Ela existe, é verdade, mas esta relação directa entre corrupção e sector público, e a praticamente inexistente alusão à relação entre corrupção e sector privado, pode conduzir o leitor ao entendimento de que este fenómeno é exclusivo da administração pública.
Como exemplo, podemos verificar esta tendência quando o autor, na apresentação dos tipos de corrupção em Portugal, define em terceiro lugar desta tipologia a «corrupção sistémica ou política».

Nos dias que correm é reconhecida a dificuldade política e judicial para combater e contrariar este fenómeno mas também é verdade que actualmente já não estamos num ponto igual ao de há 30 anos, ou há 10 anos até. Hoje, na administração pública, ainda que possamos considera-los escassos, já existem alguns mecanismos que tentam combater este fenómeno. Parece-me, portanto, pertinente o «Capítulo VII: A ineficácia da resposta política» onde o autor aponta algumas áreas onde há ainda trabalho a desenvolver no combate a este flagelo. No entanto, no ponto «Falta de formação e de recrutamento especializado» julgo que a crítica que é feita aos requisitos gerais de admissão a concursos públicos (neste caso de funcionários para investigadores criminais) peca por exagero por considerar que o requisito de "robustez física indispensável ao exercício das funções" seja irrelevante.
Parece-me um exagero que o autor use este argumento para justificar um o desvio da real necessidade de formação dos agentes público. Este é um requisito que está ao mesmo nível de outros como o de "Nacionalidade Portuguesa, quando não dispensada pela Constituição, convenção internacional ou lei especial" ou "18 anos de idade completos" presentes em qualquer concurso público.
Hoje em dia são requisitos em concursos públicos a formação adequada para o exercício das funções e, numa grande parte dos casos, a experiência profissional anterior. Casos existem também em que os candidatos têm que se submeter a provas de conhecimento.

Um outro aspecto que deve ser tido em consideração é o facto de Portugal ser apresentando como um país demasiadamente sensível ao fenómeno da corrupção baseando-se em estudos onde os níveis de corrupção são o reflexo da percepção que a opinião pública tem dos actores e dos agentes neste fenómeno sendo a Comunicação Social a principal fonte na construção dessa ideia.

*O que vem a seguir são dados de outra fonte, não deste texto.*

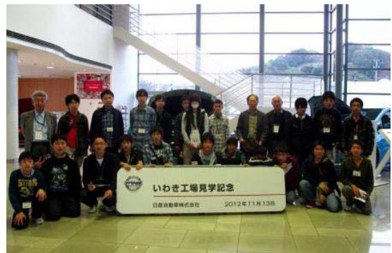
ロビーで記念撮影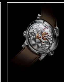
LEGACY MACHINE N°1 FINAL EDITION BACK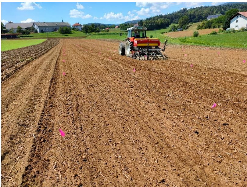
Setev poskusa dne 3.8. 2022

Há, com certeza, muito trabalho pela frente para combater o fenómeno que mais corrói as sociedades e este trabalho pode ser mais uma fonte de conhecimento. Uma leitura OBRIGATÓRIA!


Sinopse:

A corrupção, enquanto forma de influência ou compra de decisões, permaneceu invariável ao longo dos séculos, mas o modo como o poder se estrutura e é exercido em sociedade tem evoluído, criando novas oportunidades e incentivos para este tipo de prática. O que é a corrupção? Como se estrutura e se processa? Que tipos de corrupção são vistos com tolerância e que tipos são considerados danosos para o funcionamento das instituições? Quais as causas que explicam a prevalência da corrupção numa determinada sociedade ou contexto histórico? Que factores de risco potenciam a sua ocorrência? Como se tem desenvolvido o combate à corrupção em Portugal? Que papel compete à política, à justiça, aos media e à sociedade civil? Estas e outras questões serão objecto de reflexão neste livro.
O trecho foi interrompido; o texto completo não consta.